Nada hay más frágil y falso que el arrepentimiento. Es un sentimiento o disposición de espíritu sobre el que el catolicismo ha montado un tinglado moralista y un folclore procesional que tiene su apogeo en semana santa. El arrepentimiento es por definición exhibicionista pues si bien va dirigido a dios o al ofendido en la tierra, y en ese sentido es íntimo y privado, diríase que no tiene valor si no se pregona a los cuatro vientos. Últimamente, desde la explosión de las redes sociales y en especial de tuiter -ese vertedero de ocurrencias-, el arrepentimiento o su versión más diplomática, la petición de excusas, se ha convertido en una rutina entre los políticos lenguaraces. Para juzgar esta tediosa moda, el diccionario rae ofrece dos acepciones de arrepentirse: sentir pesar por haber hecho o haber dejado de hacer algo  y cambiar de opinión o no ser consecuente con un compromiso. En la medida que las ocurrencias de los políticos suelen ser circunstanciales y su significado sometido al antojo del autor y a las exigencias del momento la acepción más apropiada al caso parece la segunda. Simplemente, el arrepentimiento es una falta de compromiso con la palabra dada y una modulación de la conciencia de acuerdo con el cambio de circunstancias.

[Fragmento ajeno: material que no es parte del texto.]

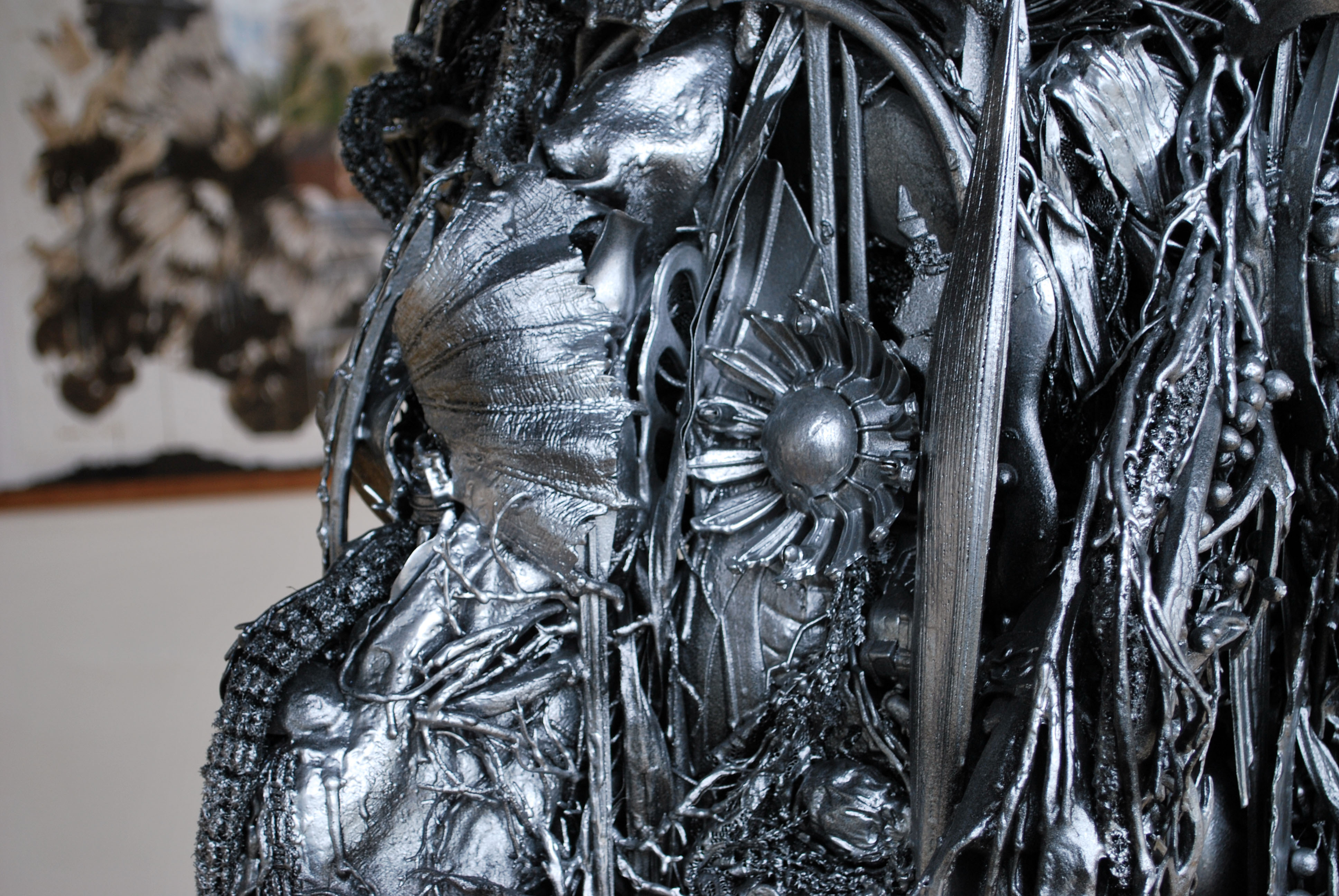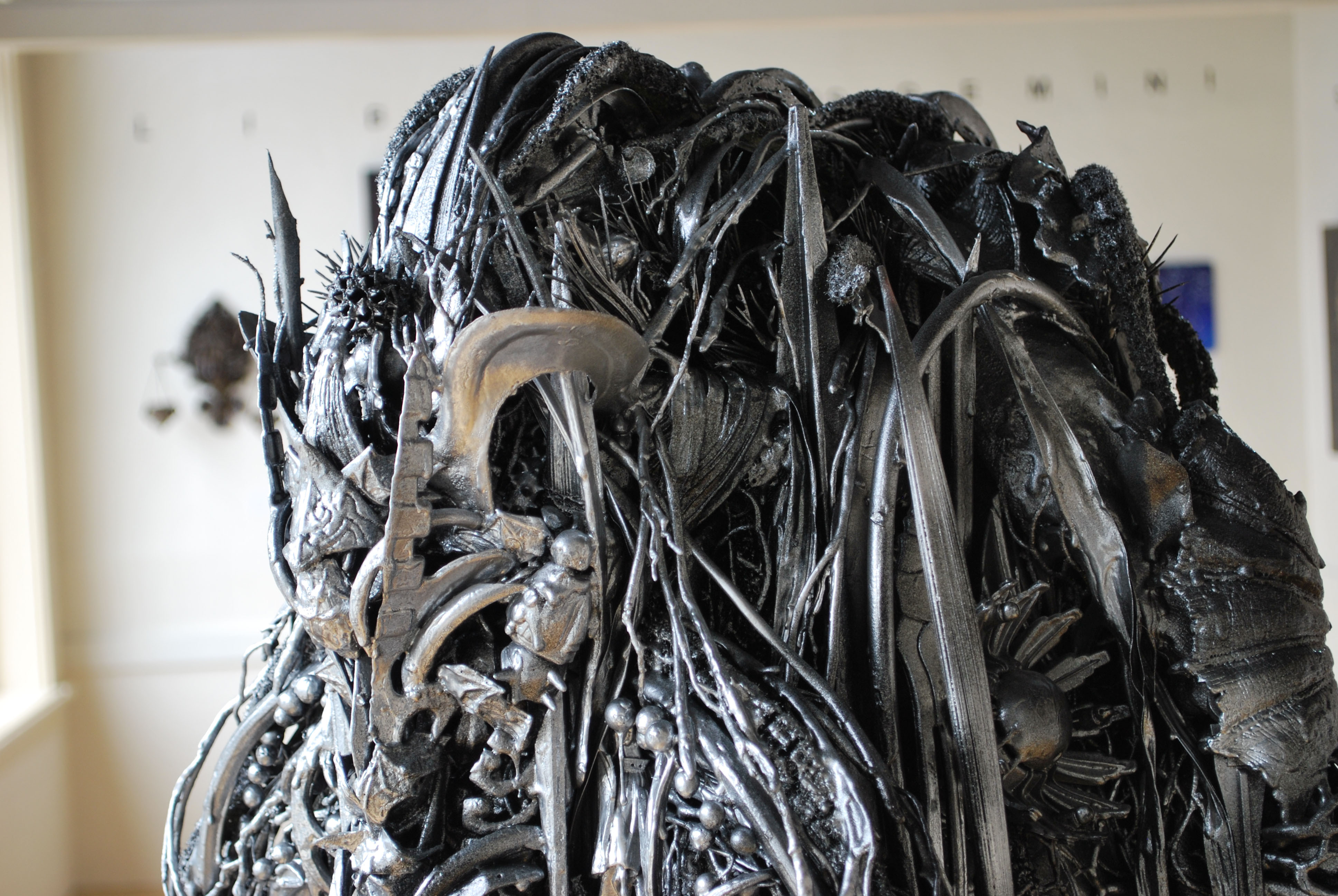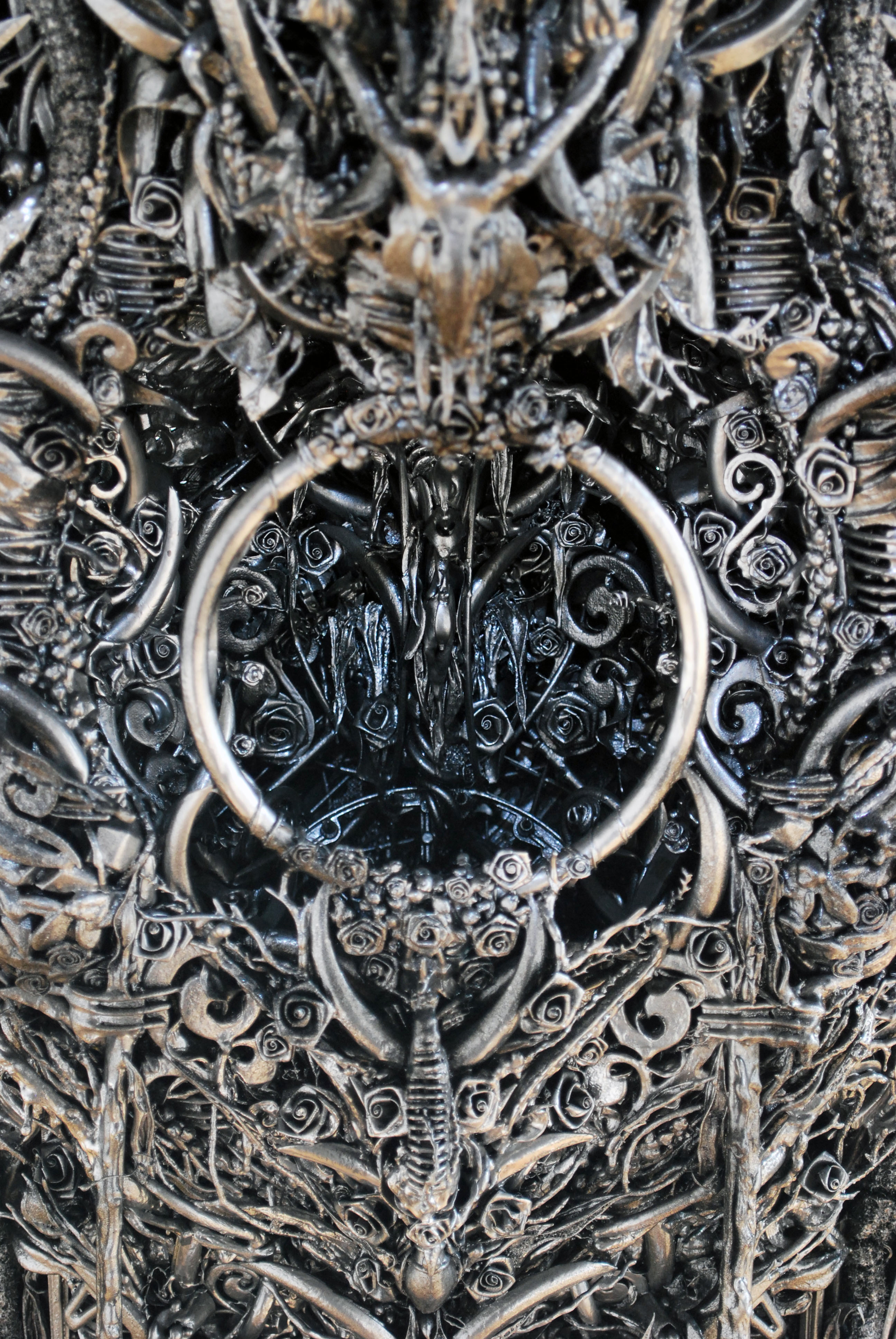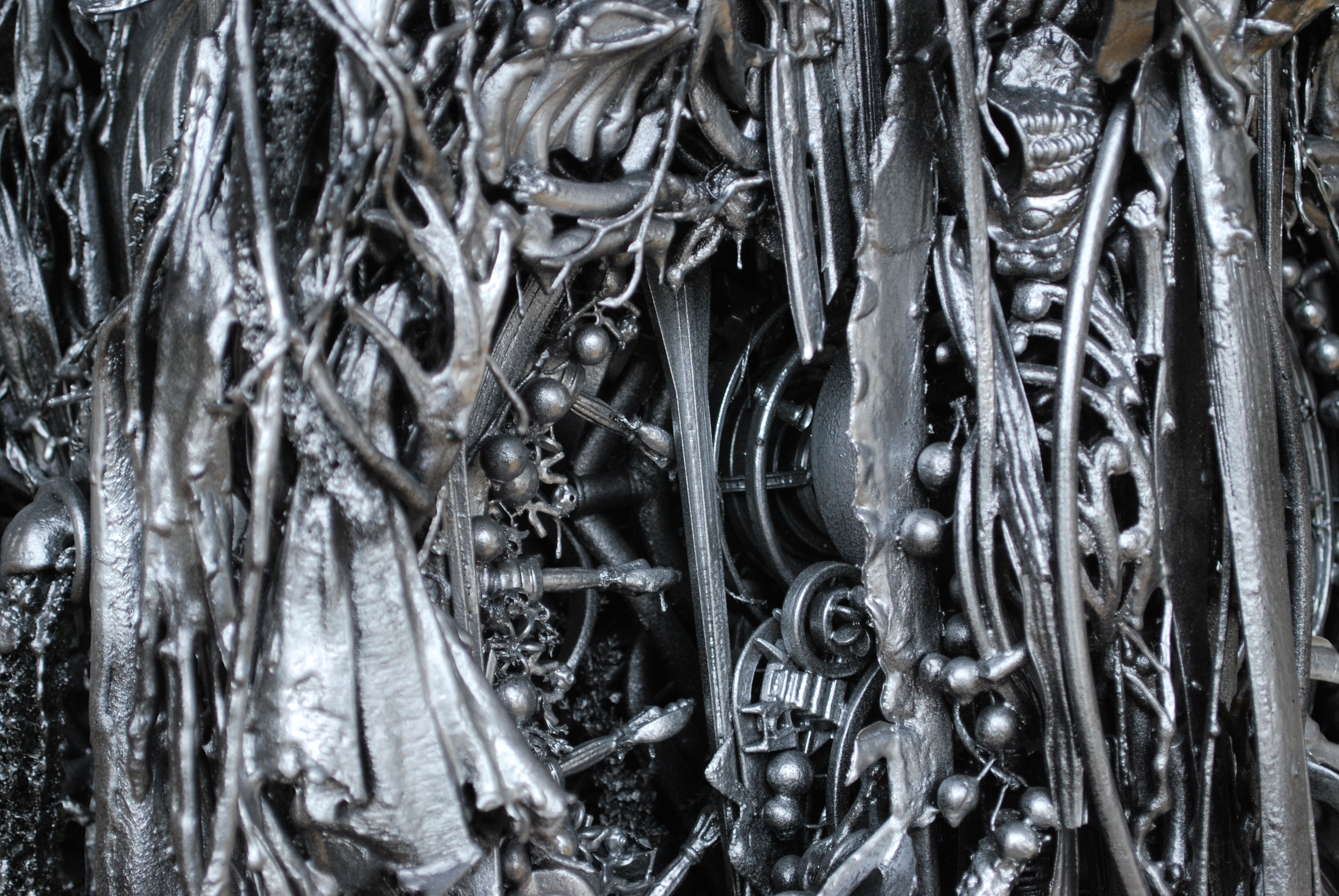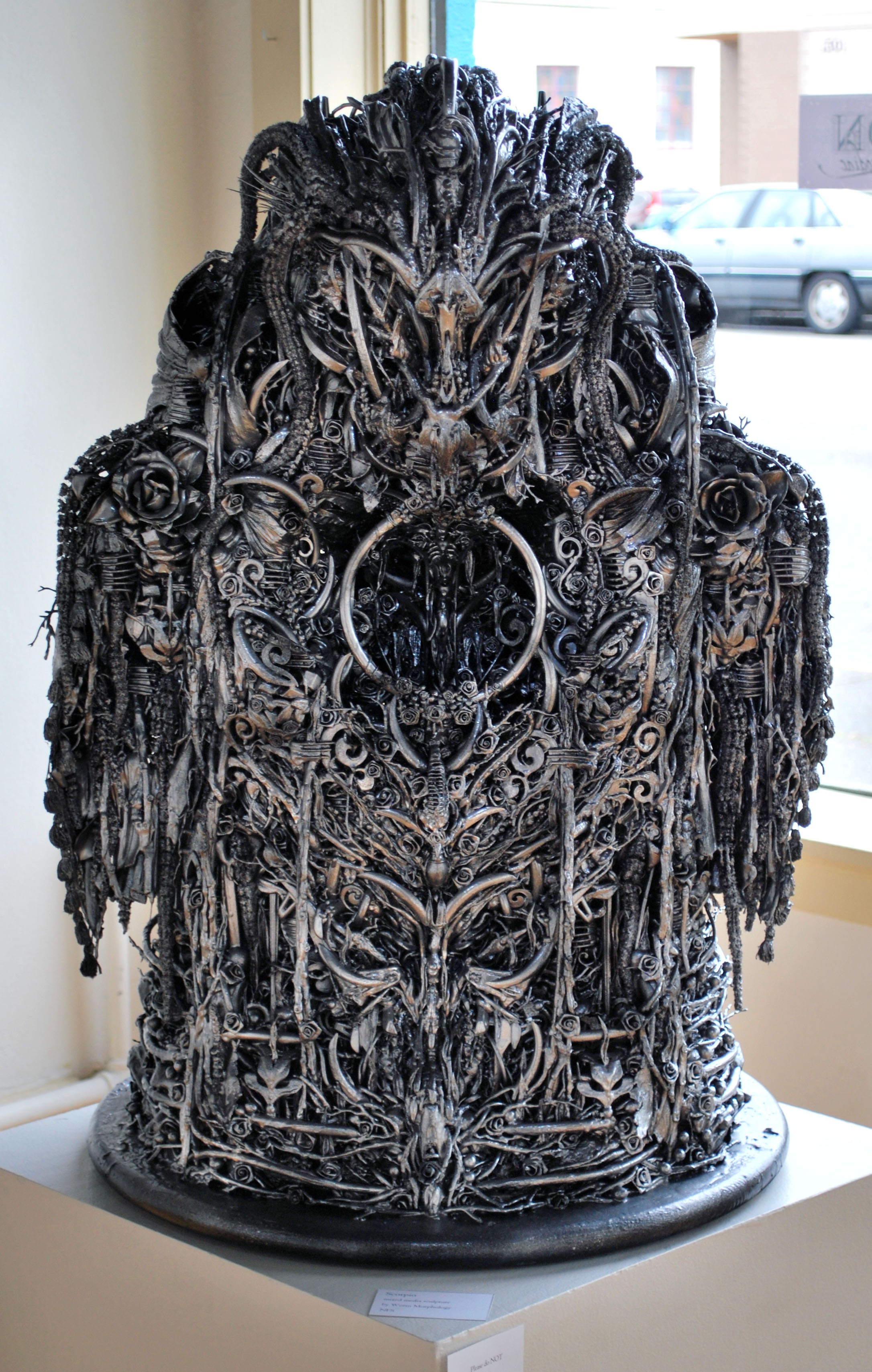 And so it came to pass. This is but a brief excerpt from my interaction with Worm Morphology, and for his creation there are even fewer words. This piece actually unfolds before your eyes. It is a multimedia assemblage of found objects and collected artifacts. As you step closer you will find detail within the details, and even more details within those. In the evenings it seems to flicker with an energetic presence. Maybe it’s haunted. -O
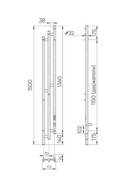 Полотенцесушитель электрический Indigo Sky LSKE150-17BRRt 150x17 см чёрный муар купить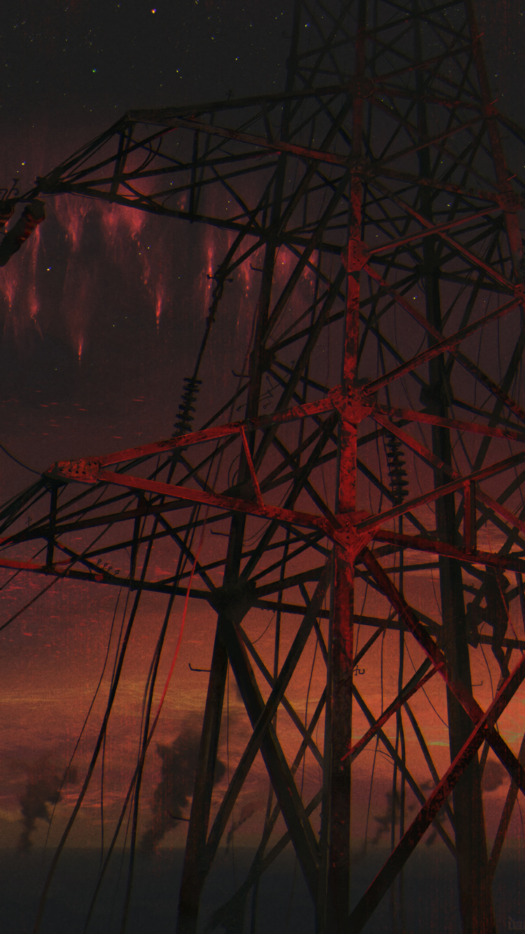 Обои арт, красный цвет, электричество, воздушной линии электропередач, электроснабжение для iPhone 6, 6S, 7, 8, заставка, 750x1334 картинка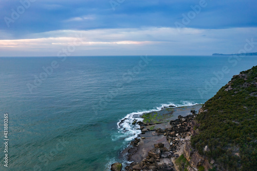 Soft high cloud aerial sunrise seascape
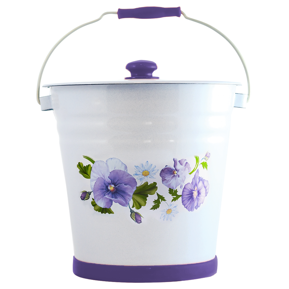 Eimer mit Deckel "Stiefmütterchen" emailliert, 12 L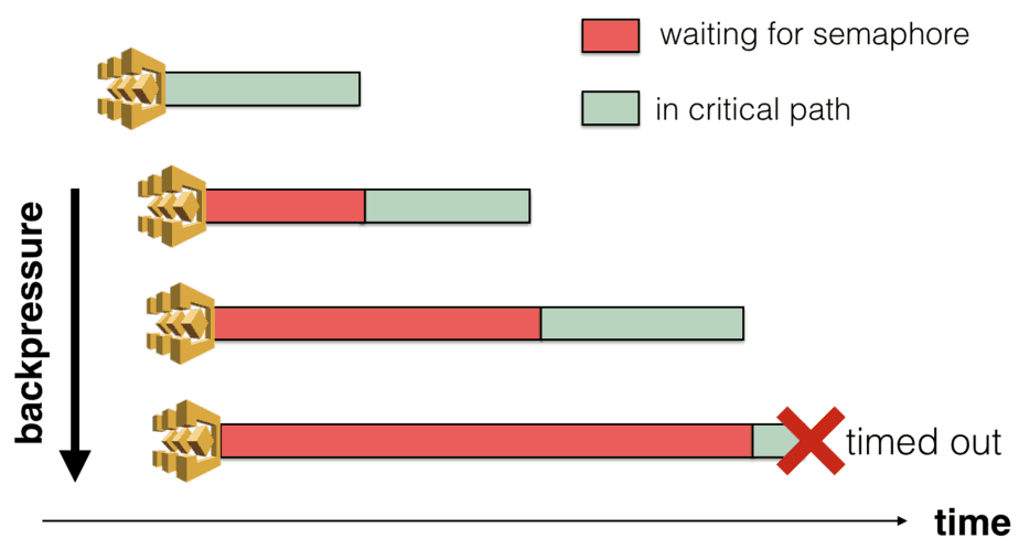 Second, if you have configured timeout on your state machine (and you should!) then they can also timeout. This creates backpressure on the system.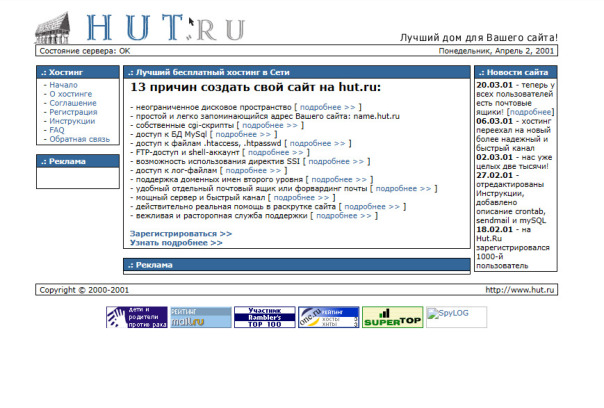Проект просуществовал до 2011 года. www.hut.ru/ (web.archive.org/web/20010405041648/http://www.hut.ru/) |
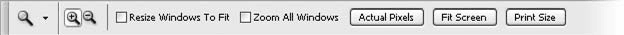 При работе с инструментом Zoom (Масштаб) панель управления содержит следующие параметры (слева направо):
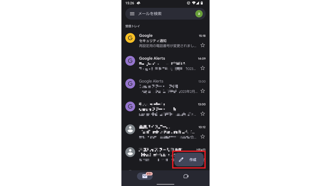右下の「作成」アイコンからメールの作成が可能です。

En esta tórrida jornada de la virgen de agosto el arrepentido ha sido el pit bull del pepé, don Hernando, quien, entrevistado con toda gala en el diario de referencia, ha declarado haberse pasado cuatro pueblos cuando insultó a los familiares de los asesinados por el franquismo diciendo que habían empezado a preocuparse por sus deudos enterrados en las cunetas cuando recibieron dinero para hacerlo. Es sin duda la canallada más hiriente oída nunca de una patulea de políticos que no dudan en hablar con el culo si lo consideran necesario. Pero la aparente ocurrencia no era un exabrupto sino un destilado de la opinión del franquismo y de sus herederos intelectuales y políticos, y en idénticos términos a don Hernando se manifestó unas semanas más tarde en televisión doña Rodríguez, una dama muy tiesa y redicha que comanda el movimiento fascista dispuesto a evitar la exhumación de la momia de Cuelgamuros. Don Hernando se ganó los galones de portavoz del partido porque sabe hablar como nadie al corazón de su parroquia política y era capaz de enardecerla en los momentos de más grave desaliento, como lo prueba la atronadora salva de aplausos con que fue recibido su discurso en el parlamento el día en que el pepé perdió el gobierno y su presidente estaba matando las penas en el reservado de un restaurante. A la vista de su declarado arrepentimiento, ¿ha cambiado el pepé de parroquia?, ¿va a cambiar don Hernando de partido?, ¿va a ingresar en la orden benedictina de la comunidad de Cuelgamuros? o es que, abrumado por el honor de ser entrevistado en el diario de referencia, ¿ha decidido ajustarse el nudo de la corbata y quitarse el palillo de entre los dientes? Preguntas ociosas si se atiende al idiolecto del entrevistado. Pasarse cuatro pueblos en una expresión vulgar, de barra de bar, que nadie utilizaría si creyera que ha herido con sus palabras el honor de alguien. El lenguaje de don Hernando es instrumental y tabernario, y esos rasgos permanecen intactos, esté o no arrepentido.